Over the past two decades, tossing those two sentences over my shoulder toward my slumbering children became part of a ritual when ferrying my family between Columbus, Ga. — my hometown and where we lived for a dozen years — to visit relatives in my wife’s hometown, Jackson, Miss.

A third of that trip, a 133-mile stretch between Montgomery and Cuba, Ala., was on state Highway 80. Beyond compulsory vigilance for speed traps along the way, rolling down what is now called Jefferson Davis Highway usually was an uneventful journey. 

Until we approached the Edmund Pettus Bridge. 

I didn’t stir my two sons and my daughter because the bridge’s namesake was a general in the Confederate Army and a former Grand Dragon of the Ku Klux Klan. I was just hoping they could understand, as I did, that this 1,248-foot-long span arching across the Alabama River was also an arch from a hateful past to a less hateful, but still racially tortured now.

As thousands like myself made the pilgrimage to Selma last weekend to commemorate the 50th anniversary of Bloody Sunday, we were here to reflect on where we are as a nation and where we’re headed.

As it did each time I drove over it, this steel and concrete structure gave me chills. The ease with which my family and I traverse it belies its horrific history and that of Selma, of Alabama, of the South.

Selma was like most of the South. White citizens regarded blacks not only as beneath them, but also as a threat to their way of life. It was a place where strident segregationists had no problem displaying their contempt for those who would challenge them. 

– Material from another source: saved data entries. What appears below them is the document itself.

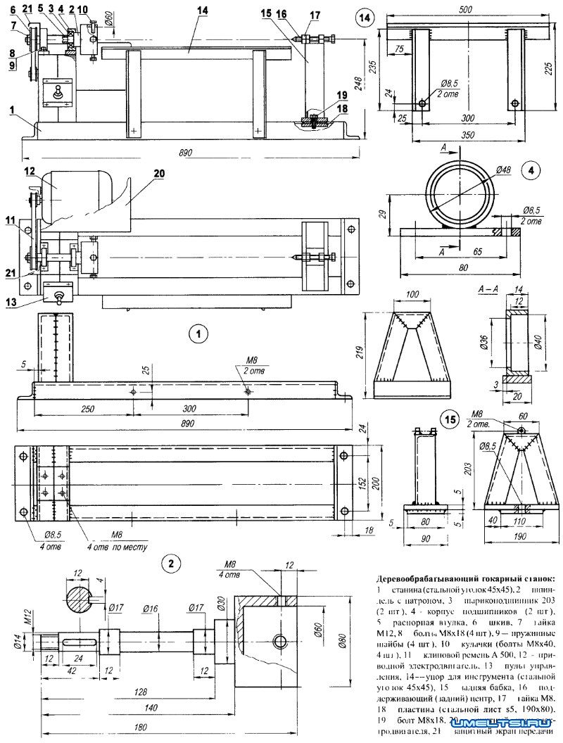 При желании изготовить станок в домашних условиях прежде всего приходится решать, каким будет привод. Для малого деревообрабатывающего токарного станка это может быть электродрель, двигатель от стиральной машины или другой бытовой техники мощностью 200—500 Вт при 1400—2200 оборотах в минуту, желательно с готовой клиноремен-ной передачей В созданном станке использован привод от стиральной машины СМР-1,5
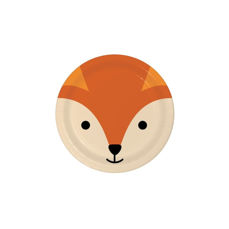Questi stupendi piattini in carta decorati con il viso di una volpe sono semplicemente adorabili per le feste compleanno a tema bosco!
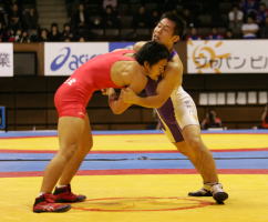 追う立場にあった選手が、あっという間に追われる立場へ。勝負の世界の新旧交代は川の流れのように止まることを知らない。グレコローマン74kg級の菅太一(警視庁)も、昨年暮れ、勝負の世界のこの厳しさを痛感した一人だ。アテネ五輪前までは永田克彦のが城を崩す一番手の立場にいて、追う立場だったのが、20歳の鶴巻宰(国士大)の台頭により、今年は自分の立場を守ることに全精力を傾けなければならなくなった。(写真左:全日本選手権決勝で鶴巻に苦杯を喫した菅=右)
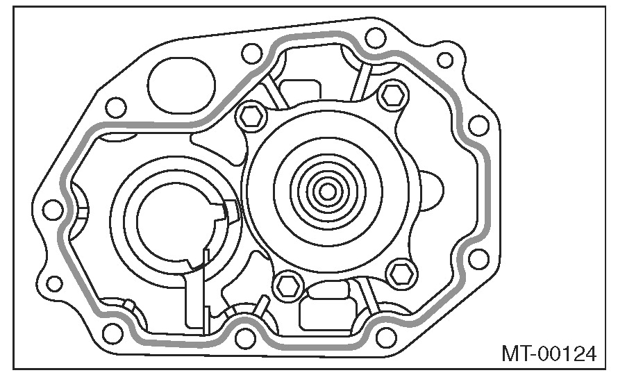 15) Apply a proper amount of liquid gasket to the transfer case mating surface.
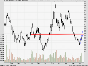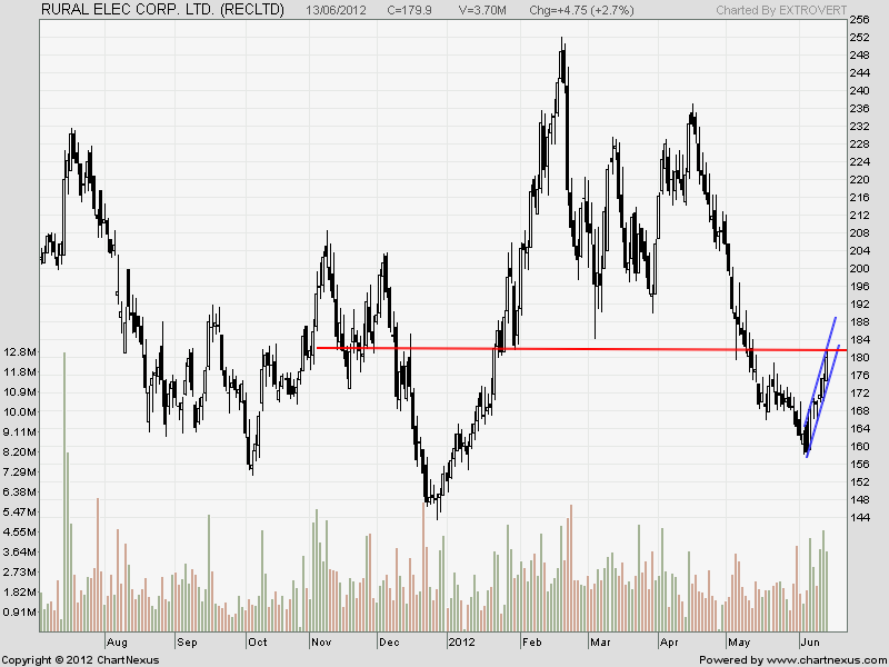 REC was covered here  after the triangle breakout and stock has rallied almost 12% from 160 odd levels. Now stock is at its crucial juncture of 181-182 resistance. Failing to cross the same will lead the stock back to 175-170 odd range.

That was also what made the city so attractive — 50 years ago — to Bernard LaFayette.


Today, Dr. Bernard LaFayette is the Southern Christian Leadership Conference’s national board chairman and a distinguished scholar-in-residence at Atlanta’s Emory University. But in 1961, he was a 20-year-old undergraduate at Nashville's American Baptist Theological Seminary, determined to make changes and to challenge segregation. He was a staple of the Nashville sit-ins. He’d already staged a successful impromptu Freedom Ride with his close friend and fellow student activist John Lewis (now the U.S. congressman, in his 15th term, for Georgia’s 5th District). In 1959, while traveling to LaFayette's home in Tampa for Christmas break, they decided to exercise their rights as interstate passengers by sitting in the front of a bus — something that was prohibited in the South — from Nashville to Birmingham, where he and others on the Nashville Student Movement Ride were arrested.

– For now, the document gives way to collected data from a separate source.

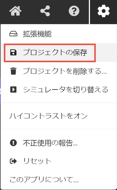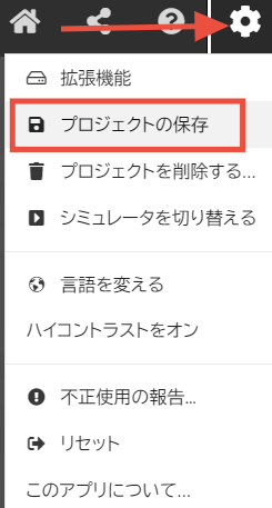 5.Web版MakeCode for Minecraftの右上にある歯車マークをクリックして【プロジェクトの保存】をクリックします。
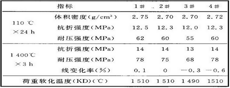 按照比例配好料經(jīng)加水混合均勻后,倒入模具中振動(dòng)成形為40mmX40mmX160mm試樣各6組,在室溫下養(yǎng)護(hù)24h后脫模,測(cè)試110℃X24h 處理后體積密度、抗折強(qiáng)度、耐壓強(qiáng)度和1400℃X3h處理后抗折強(qiáng)度、耐壓強(qiáng)度、荷重軟化溫度、燒后線(xiàn)變化率。實(shí)驗(yàn)結(jié)果見(jiàn)表2
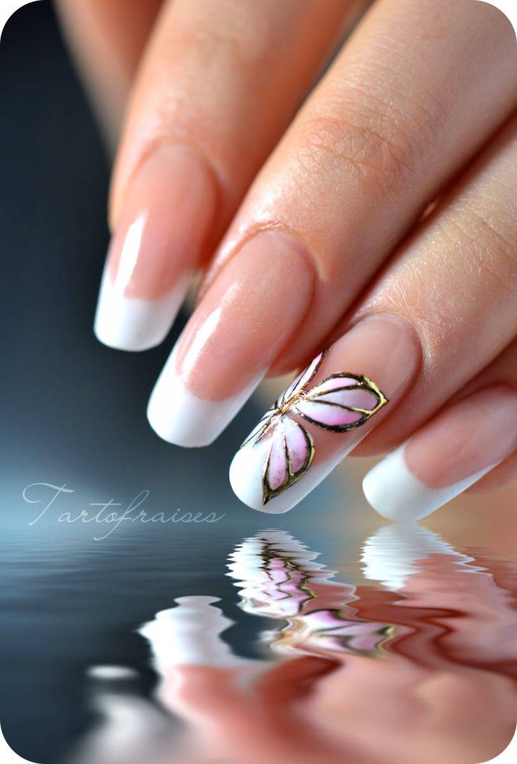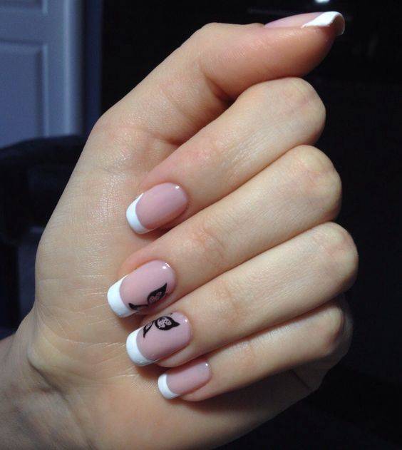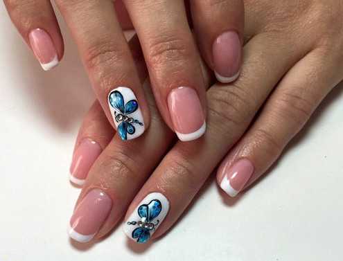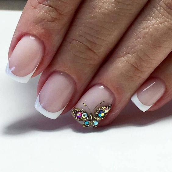 Французский маникюр – это настоящая классика, которая нравится большинству девушек. Френч с бабочками – это отличная идея разбавить классический материал. Именно эти изящные мотыльки придадут больше утонченности вашему образу. Классическая улыбка и нежная подложка прекрасно сочетаются с нежными крыльями.

The Freedom Rides were among a flurry of movements undertaken at that time. Those involved with the Student Nonviolent Coordinating Committee (SNCC), those involved with the Freedom Riders and the young people who drove the Selma-to-Montgomery marches, all created movements that brought about change. LaFayette and others were trained in nonviolence and trained in how to lead movements that spanned long stretches of time — the Freedom Rides that lasted from May to November and the three months of sit-ins in Nashville.

Dr. Bernard Lafayette in Selma last weekend.

It was on one of those Freedom Rides in 1961 when Selma first landed on LaFayette’s radar, but not actually in his sight. After a violent confrontation at the Montgomery Greyhound station, they came up with another plan.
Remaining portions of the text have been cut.